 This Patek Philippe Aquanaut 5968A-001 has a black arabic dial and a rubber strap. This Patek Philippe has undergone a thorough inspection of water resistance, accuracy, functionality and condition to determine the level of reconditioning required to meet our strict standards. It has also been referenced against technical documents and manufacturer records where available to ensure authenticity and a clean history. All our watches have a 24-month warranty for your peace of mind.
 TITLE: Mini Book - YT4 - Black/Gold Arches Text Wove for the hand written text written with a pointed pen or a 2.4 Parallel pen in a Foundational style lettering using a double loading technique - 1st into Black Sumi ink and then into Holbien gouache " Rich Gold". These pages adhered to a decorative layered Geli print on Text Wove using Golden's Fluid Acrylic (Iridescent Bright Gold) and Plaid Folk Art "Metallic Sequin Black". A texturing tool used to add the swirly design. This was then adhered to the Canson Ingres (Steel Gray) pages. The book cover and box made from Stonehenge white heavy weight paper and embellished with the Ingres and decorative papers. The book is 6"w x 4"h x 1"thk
★ ★ ★ ★
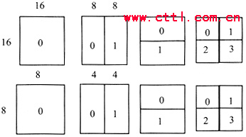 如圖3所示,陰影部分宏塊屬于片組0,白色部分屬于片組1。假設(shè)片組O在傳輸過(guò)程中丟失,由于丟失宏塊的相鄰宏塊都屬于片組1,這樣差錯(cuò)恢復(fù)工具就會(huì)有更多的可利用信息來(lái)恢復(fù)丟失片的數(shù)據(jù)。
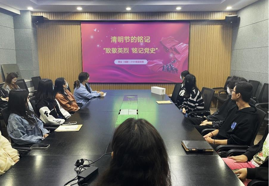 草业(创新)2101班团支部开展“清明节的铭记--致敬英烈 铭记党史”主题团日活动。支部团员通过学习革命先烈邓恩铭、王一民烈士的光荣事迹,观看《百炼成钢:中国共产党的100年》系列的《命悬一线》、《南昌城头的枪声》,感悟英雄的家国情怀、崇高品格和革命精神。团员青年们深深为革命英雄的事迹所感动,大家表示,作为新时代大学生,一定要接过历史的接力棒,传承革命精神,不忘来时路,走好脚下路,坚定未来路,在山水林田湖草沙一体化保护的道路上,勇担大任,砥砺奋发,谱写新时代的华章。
★ ★ ★ ★
Show every line from the entries above in which the word "This" appears.

 This Patek Philippe Aquanaut 5968A-001 has a black arabic dial and a rubber strap. This Patek Philippe has undergone a thorough inspection of water resistance, accuracy, functionality and condition to determine the level of reconditioning required to meet our strict standards. It has also been referenced against technical documents and manufacturer records where available to ensure authenticity and a clean history. All our watches have a 24-month warranty for your peace of mind.
 TITLE: Mini Book - YT4 - Black/Gold Arches Text Wove for the hand written text written with a pointed pen or a 2.4 Parallel pen in a Foundational style lettering using a double loading technique - 1st into Black Sumi ink and then into Holbien gouache " Rich Gold". These pages adhered to a decorative layered Geli print on Text Wove using Golden's Fluid Acrylic (Iridescent Bright Gold) and Plaid Folk Art "Metallic Sequin Black". A texturing tool used to add the swirly design. This was then adhered to the Canson Ingres (Steel Gray) pages. The book cover and box made from Stonehenge white heavy weight paper and embellished with the Ingres and decorative papers. The book is 6"w x 4"h x 1"thk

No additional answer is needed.